From first line to last, transcribe the listing exactly and skip any image.

- **STUDY MATERIAL**
···

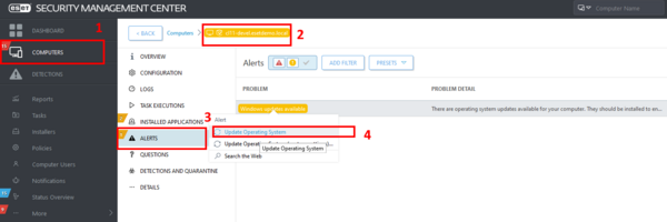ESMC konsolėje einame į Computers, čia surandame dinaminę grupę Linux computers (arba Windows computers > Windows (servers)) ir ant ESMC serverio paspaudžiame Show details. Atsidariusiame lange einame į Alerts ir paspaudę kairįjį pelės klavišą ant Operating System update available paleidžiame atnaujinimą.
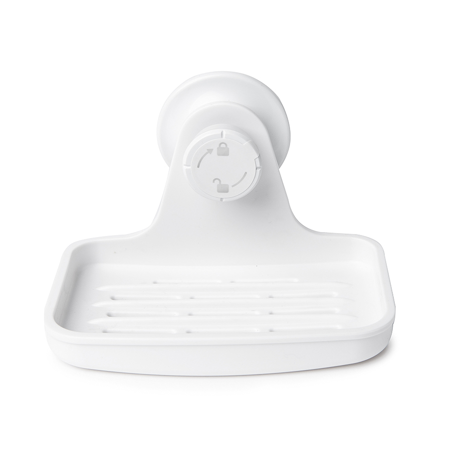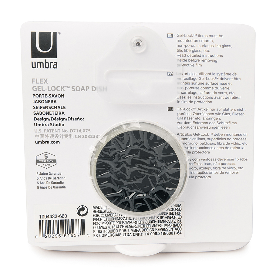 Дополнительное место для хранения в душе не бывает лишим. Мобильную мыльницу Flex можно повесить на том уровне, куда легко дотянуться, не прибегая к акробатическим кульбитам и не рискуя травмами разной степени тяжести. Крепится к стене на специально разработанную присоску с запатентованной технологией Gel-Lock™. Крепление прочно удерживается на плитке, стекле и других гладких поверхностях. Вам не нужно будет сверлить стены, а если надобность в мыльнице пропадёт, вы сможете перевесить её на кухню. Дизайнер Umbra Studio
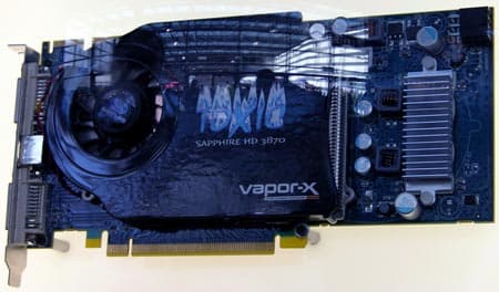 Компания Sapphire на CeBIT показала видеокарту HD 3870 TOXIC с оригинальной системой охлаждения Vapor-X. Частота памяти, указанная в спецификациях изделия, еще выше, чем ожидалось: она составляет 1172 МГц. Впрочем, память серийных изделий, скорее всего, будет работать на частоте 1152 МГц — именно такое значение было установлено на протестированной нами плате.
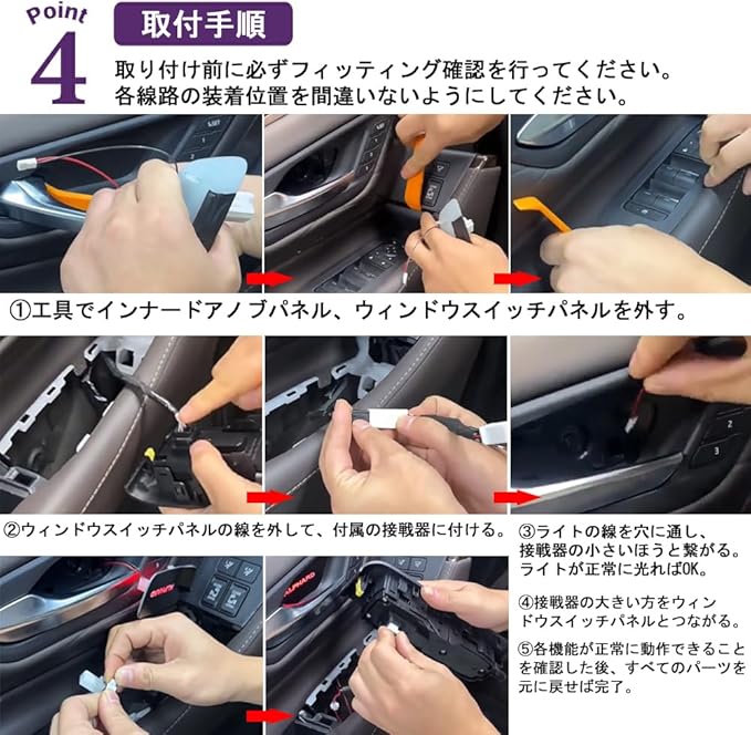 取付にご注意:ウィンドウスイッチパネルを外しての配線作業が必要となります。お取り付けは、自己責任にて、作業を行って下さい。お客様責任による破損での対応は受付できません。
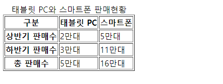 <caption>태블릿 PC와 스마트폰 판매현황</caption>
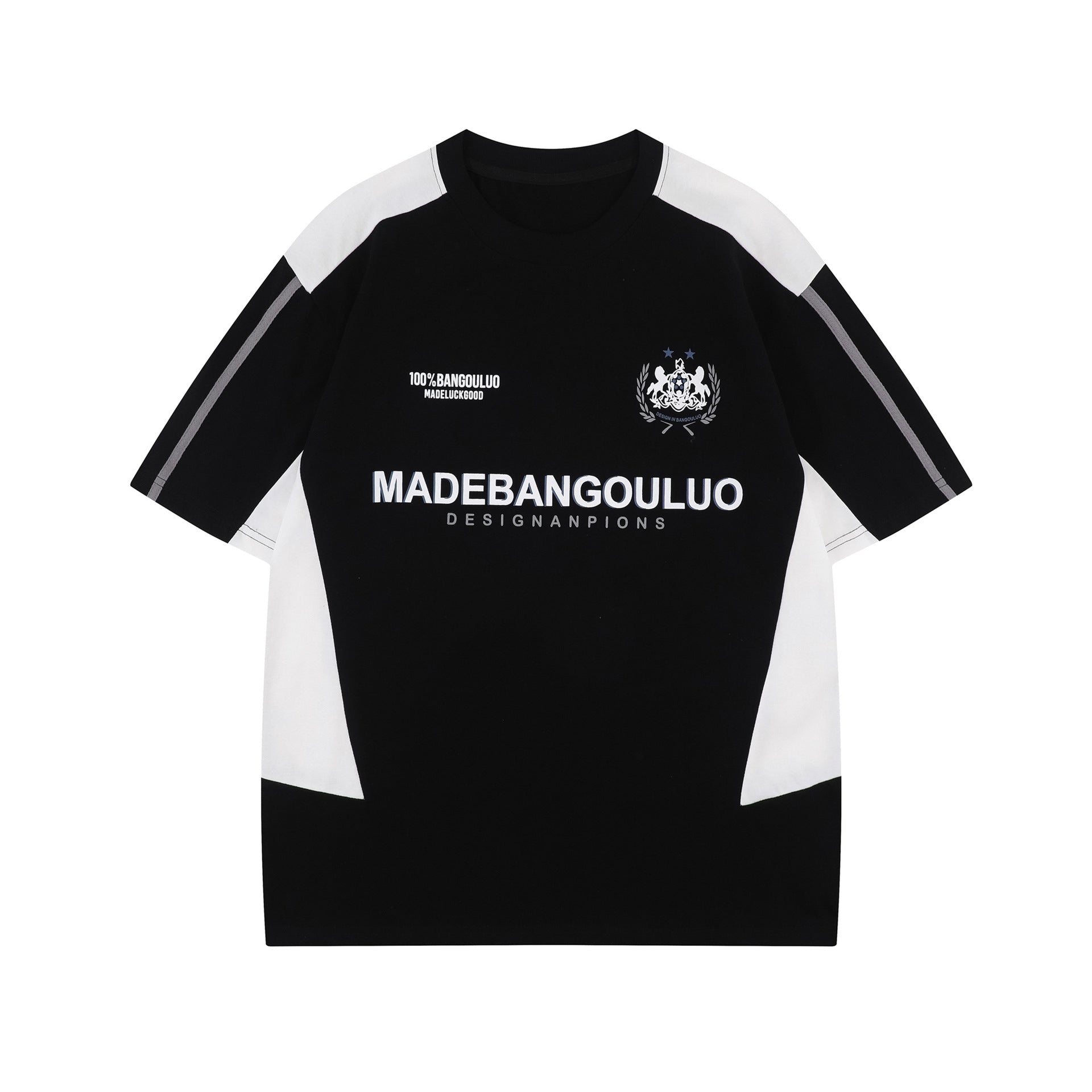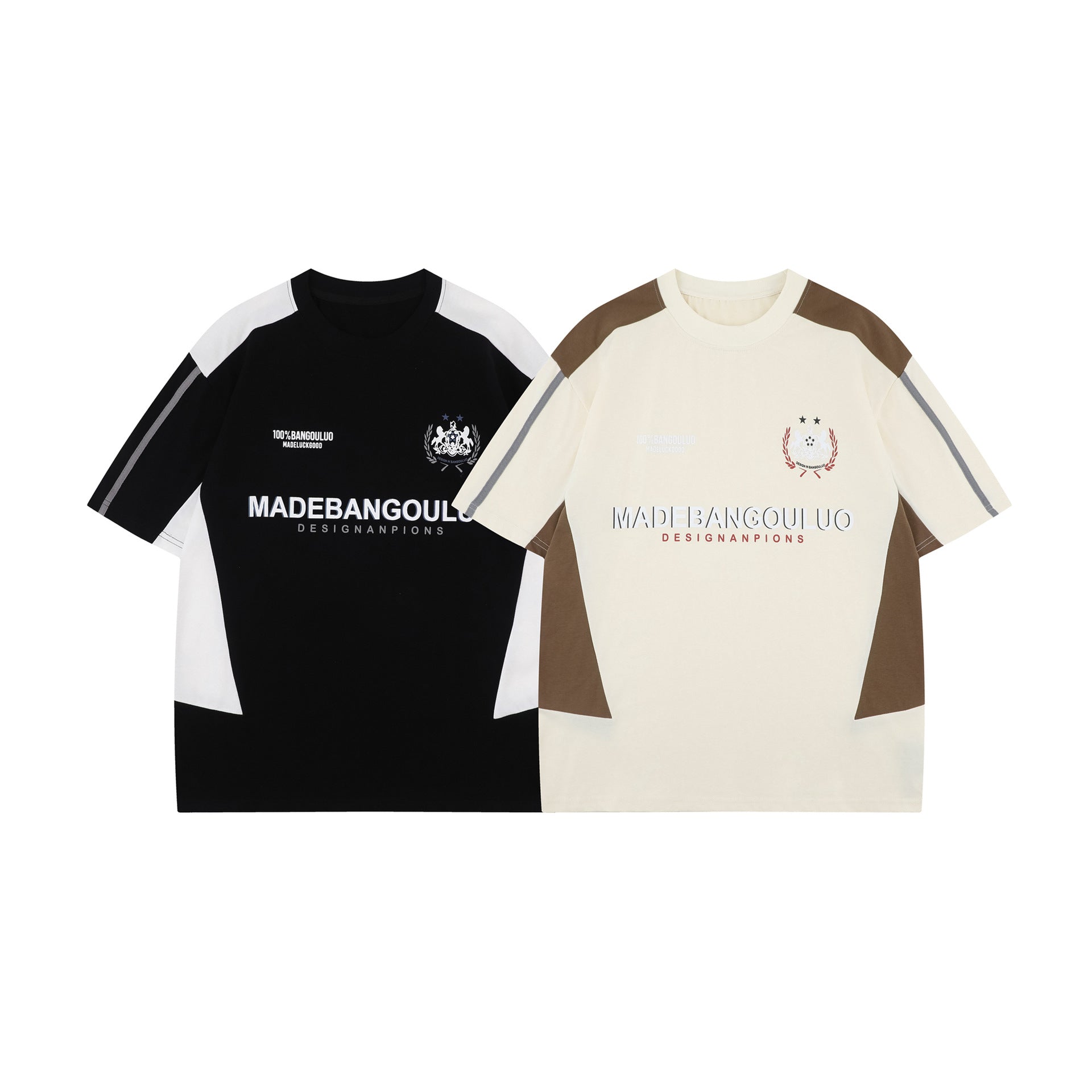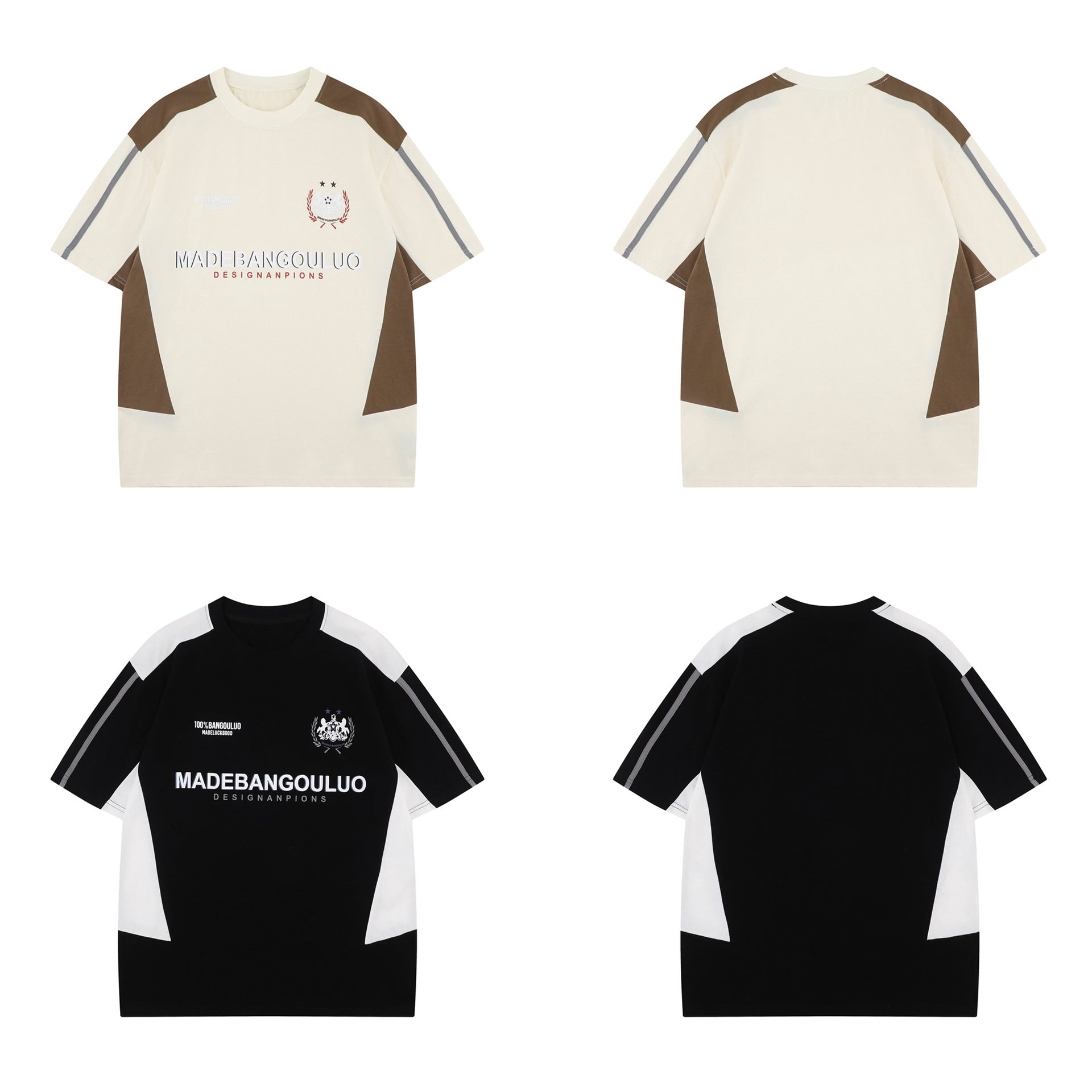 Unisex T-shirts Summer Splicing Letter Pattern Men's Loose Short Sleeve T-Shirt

···

- **OUTPUT OF THE TASK**
ESMC konsolėje einame į Computers, čia surandame dinaminę grupę Linux computers (arba Windows computers > Windows (servers)) ir ant ESMC serverio paspaudžiame Show details. Atsidariusiame lange einame į Alerts ir paspaudę kairįjį pelės klavišą ant Operating System update available paleidžiame atnaujinimą.
 Дополнительное место для хранения в душе не бывает лишим. Мобильную мыльницу Flex можно повесить на том уровне, куда легко дотянуться, не прибегая к акробатическим кульбитам и не рискуя травмами разной степени тяжести. Крепится к стене на специально разработанную присоску с запатентованной технологией Gel-Lock™. Крепление прочно удерживается на плитке, стекле и других гладких поверхностях. Вам не нужно будет сверлить стены, а если надобность в мыльнице пропадёт, вы сможете перевесить её на кухню. Дизайнер Umbra Studio
 Компания Sapphire на CeBIT показала видеокарту HD 3870 TOXIC с оригинальной системой охлаждения Vapor-X. Частота памяти, указанная в спецификациях изделия, еще выше, чем ожидалось: она составляет 1172 МГц. Впрочем, память серийных изделий, скорее всего, будет работать на частоте 1152 МГц — именно такое значение было установлено на протестированной нами плате.
 取付にご注意:ウィンドウスイッチパネルを外しての配線作業が必要となります。お取り付けは、自己責任にて、作業を行って下さい。お客様責任による破損での対応は受付できません。
 <caption>태블릿 PC와 스마트폰 판매현황</caption>
 Unisex T-shirts Summer Splicing Letter Pattern Men's Loose Short Sleeve T-Shirt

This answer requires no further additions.